Data block:
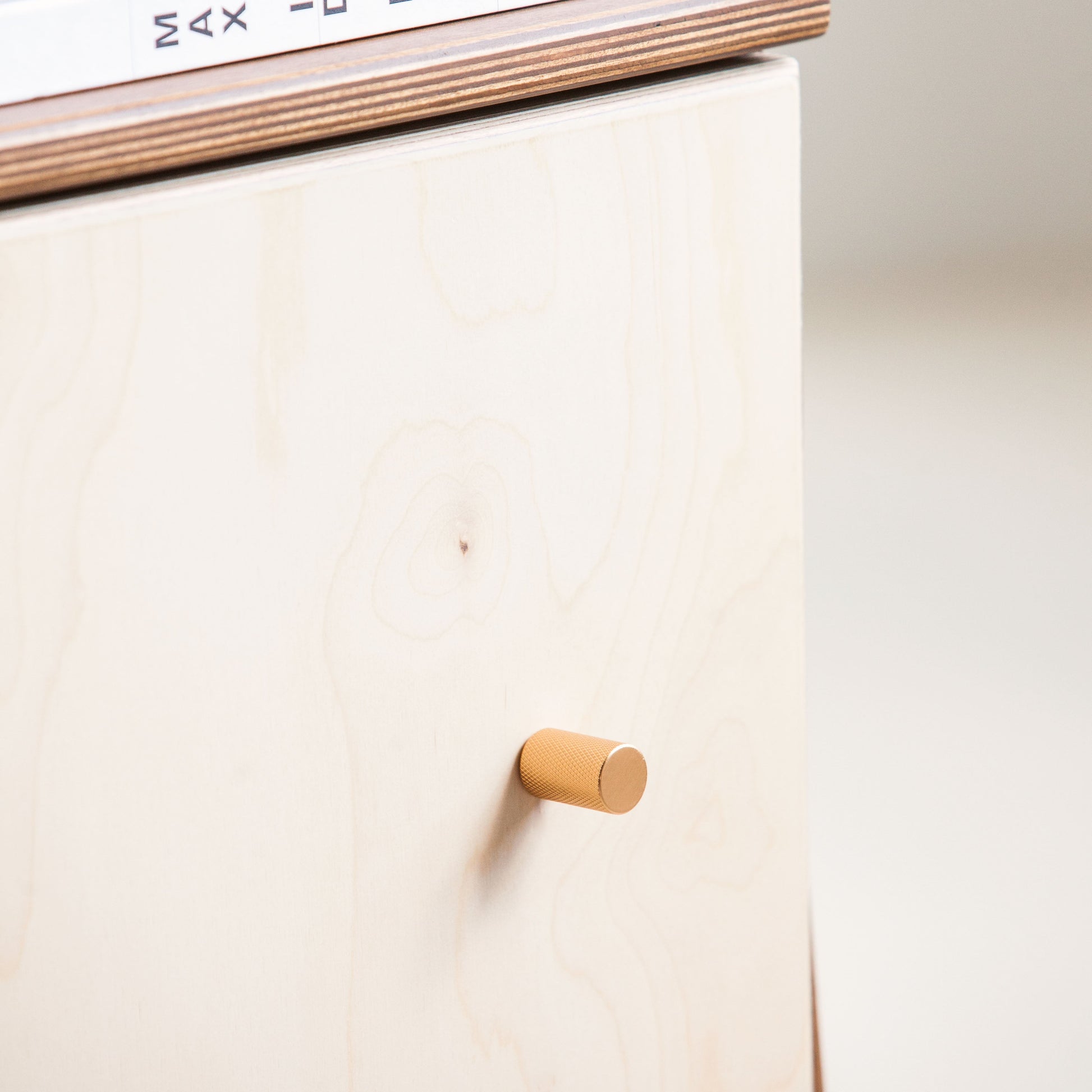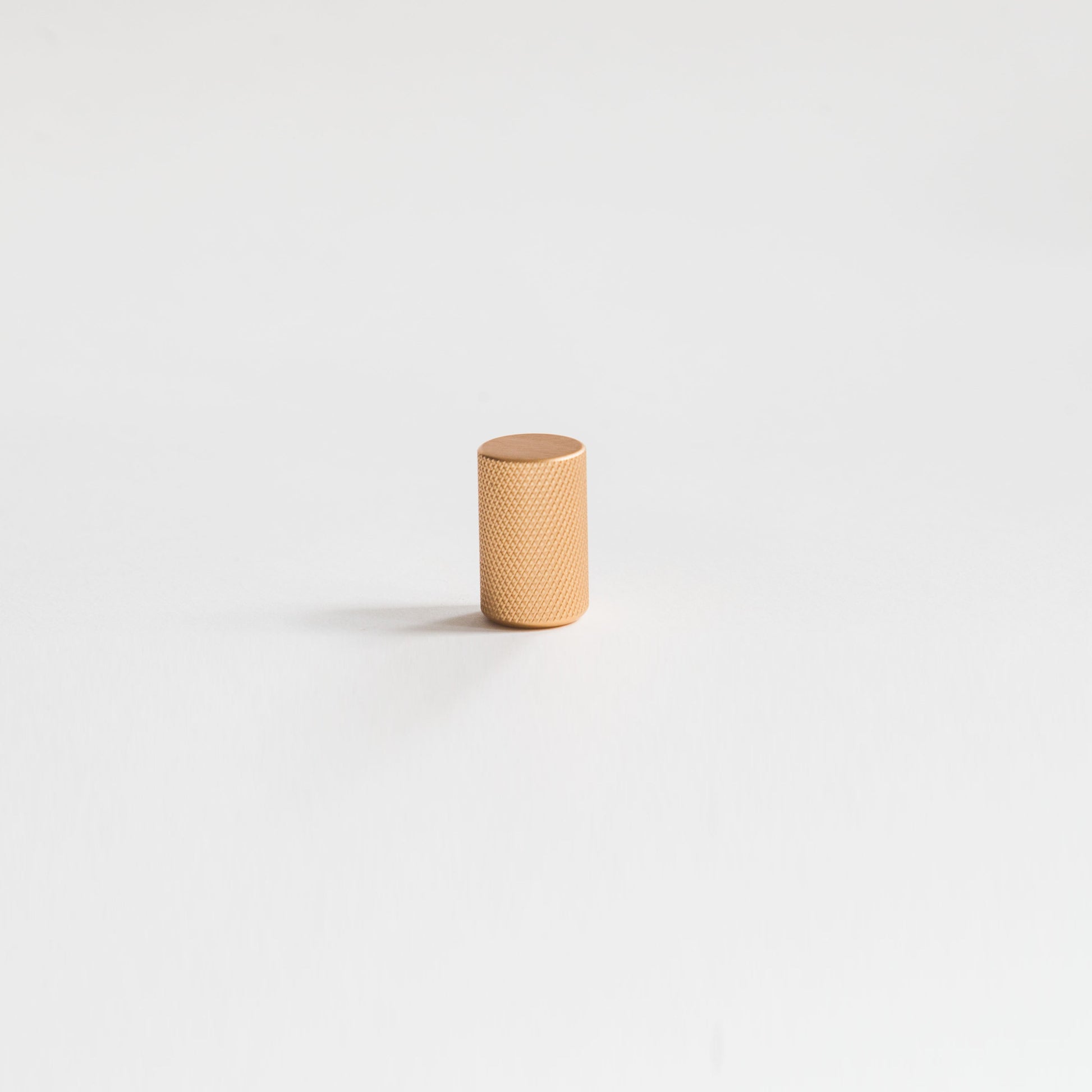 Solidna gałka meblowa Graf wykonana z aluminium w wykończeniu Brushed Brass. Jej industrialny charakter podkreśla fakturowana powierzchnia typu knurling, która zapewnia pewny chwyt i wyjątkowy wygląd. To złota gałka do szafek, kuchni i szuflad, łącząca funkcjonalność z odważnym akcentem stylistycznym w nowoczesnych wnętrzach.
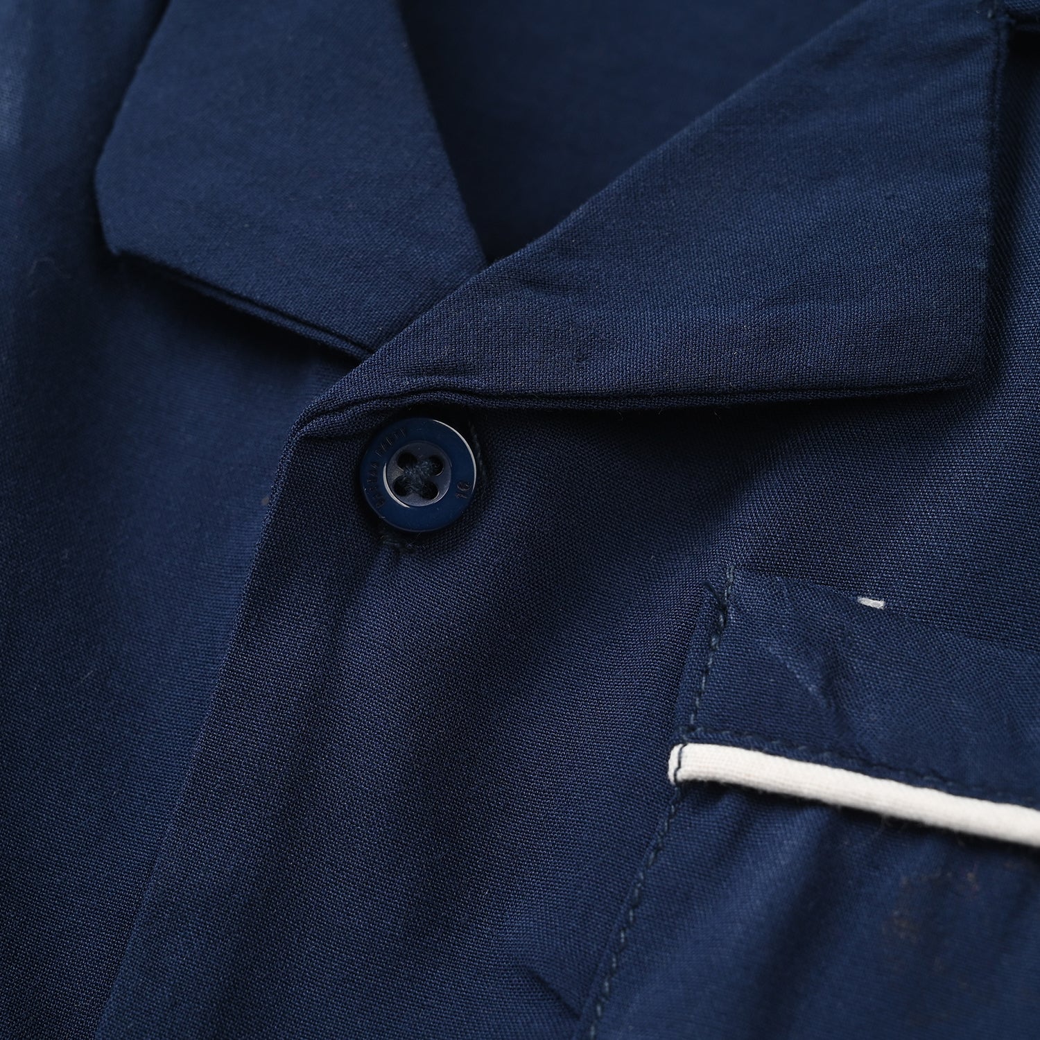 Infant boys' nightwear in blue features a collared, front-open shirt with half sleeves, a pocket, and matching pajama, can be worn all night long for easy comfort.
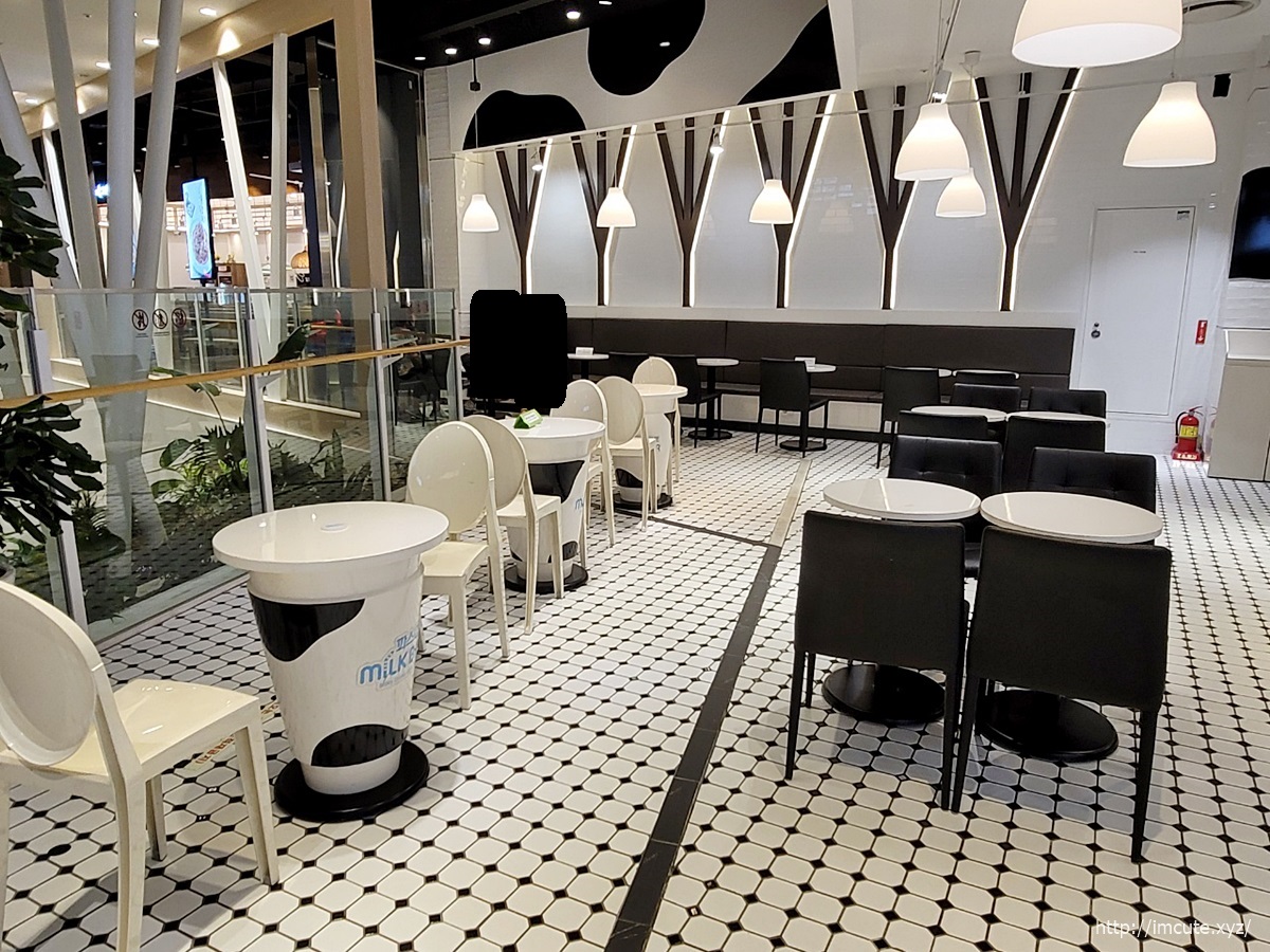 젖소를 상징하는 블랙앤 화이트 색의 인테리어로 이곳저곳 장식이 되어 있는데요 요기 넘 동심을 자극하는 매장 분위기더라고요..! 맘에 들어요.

Exercise brief: Repeat all of the listing above word for word, and exclude the pictures.

Exercise solution:
 Solidna gałka meblowa Graf wykonana z aluminium w wykończeniu Brushed Brass. Jej industrialny charakter podkreśla fakturowana powierzchnia typu knurling, która zapewnia pewny chwyt i wyjątkowy wygląd. To złota gałka do szafek, kuchni i szuflad, łącząca funkcjonalność z odważnym akcentem stylistycznym w nowoczesnych wnętrzach.
 Infant boys' nightwear in blue features a collared, front-open shirt with half sleeves, a pocket, and matching pajama, can be worn all night long for easy comfort.
 젖소를 상징하는 블랙앤 화이트 색의 인테리어로 이곳저곳 장식이 되어 있는데요 요기 넘 동심을 자극하는 매장 분위기더라고요..! 맘에 들어요.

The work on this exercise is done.